HOW TO COMPLETE THIS TASK:
Each line below from the line with "На предприятиях Рязанской" to the line with "经过区、市、省多级审核、考察" must be copied exactly, including those two, and no picture may appear in the copy.

RECORDS SUPPLIED:

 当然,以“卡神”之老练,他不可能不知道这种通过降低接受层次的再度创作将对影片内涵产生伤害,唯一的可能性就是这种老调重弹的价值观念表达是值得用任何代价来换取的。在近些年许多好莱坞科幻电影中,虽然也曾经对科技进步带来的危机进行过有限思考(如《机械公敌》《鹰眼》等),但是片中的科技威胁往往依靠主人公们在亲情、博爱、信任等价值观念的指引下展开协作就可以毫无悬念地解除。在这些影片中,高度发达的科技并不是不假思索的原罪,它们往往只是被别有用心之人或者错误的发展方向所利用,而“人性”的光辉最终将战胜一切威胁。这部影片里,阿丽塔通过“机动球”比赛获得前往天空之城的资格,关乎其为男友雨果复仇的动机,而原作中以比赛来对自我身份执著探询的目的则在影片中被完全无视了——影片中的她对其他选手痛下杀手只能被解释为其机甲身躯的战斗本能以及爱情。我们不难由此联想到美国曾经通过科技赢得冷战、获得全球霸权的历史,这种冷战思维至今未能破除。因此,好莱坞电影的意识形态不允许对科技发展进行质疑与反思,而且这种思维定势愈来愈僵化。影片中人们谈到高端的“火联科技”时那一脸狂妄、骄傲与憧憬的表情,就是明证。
---
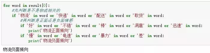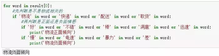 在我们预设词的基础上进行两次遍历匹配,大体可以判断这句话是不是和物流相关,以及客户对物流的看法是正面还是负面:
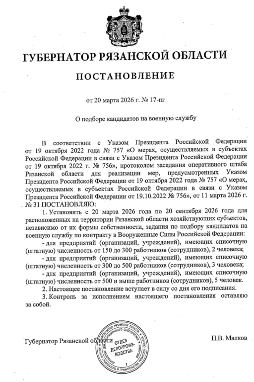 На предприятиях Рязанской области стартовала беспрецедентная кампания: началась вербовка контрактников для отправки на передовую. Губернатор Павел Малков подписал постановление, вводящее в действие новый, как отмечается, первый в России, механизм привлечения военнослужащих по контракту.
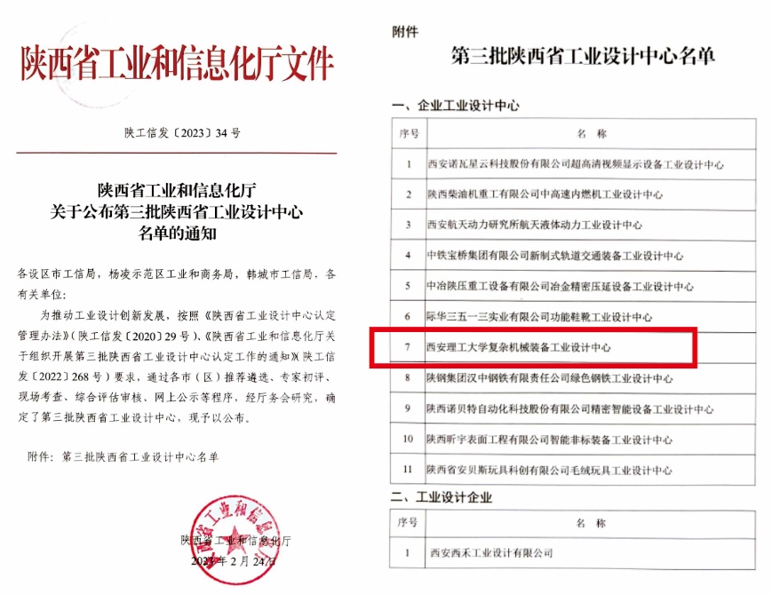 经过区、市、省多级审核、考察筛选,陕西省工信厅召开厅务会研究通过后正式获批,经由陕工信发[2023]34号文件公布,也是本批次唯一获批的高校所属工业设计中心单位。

RESPONSE:
 На предприятиях Рязанской области стартовала беспрецедентная кампания: началась вербовка контрактников для отправки на передовую. Губернатор Павел Малков подписал постановление, вводящее в действие новый, как отмечается, первый в России, механизм привлечения военнослужащих по контракту.
 经过区、市、省多级审核、考察筛选,陕西省工信厅召开厅务会研究通过后正式获批,经由陕工信发[2023]34号文件公布,也是本批次唯一获批的高校所属工业设计中心单位。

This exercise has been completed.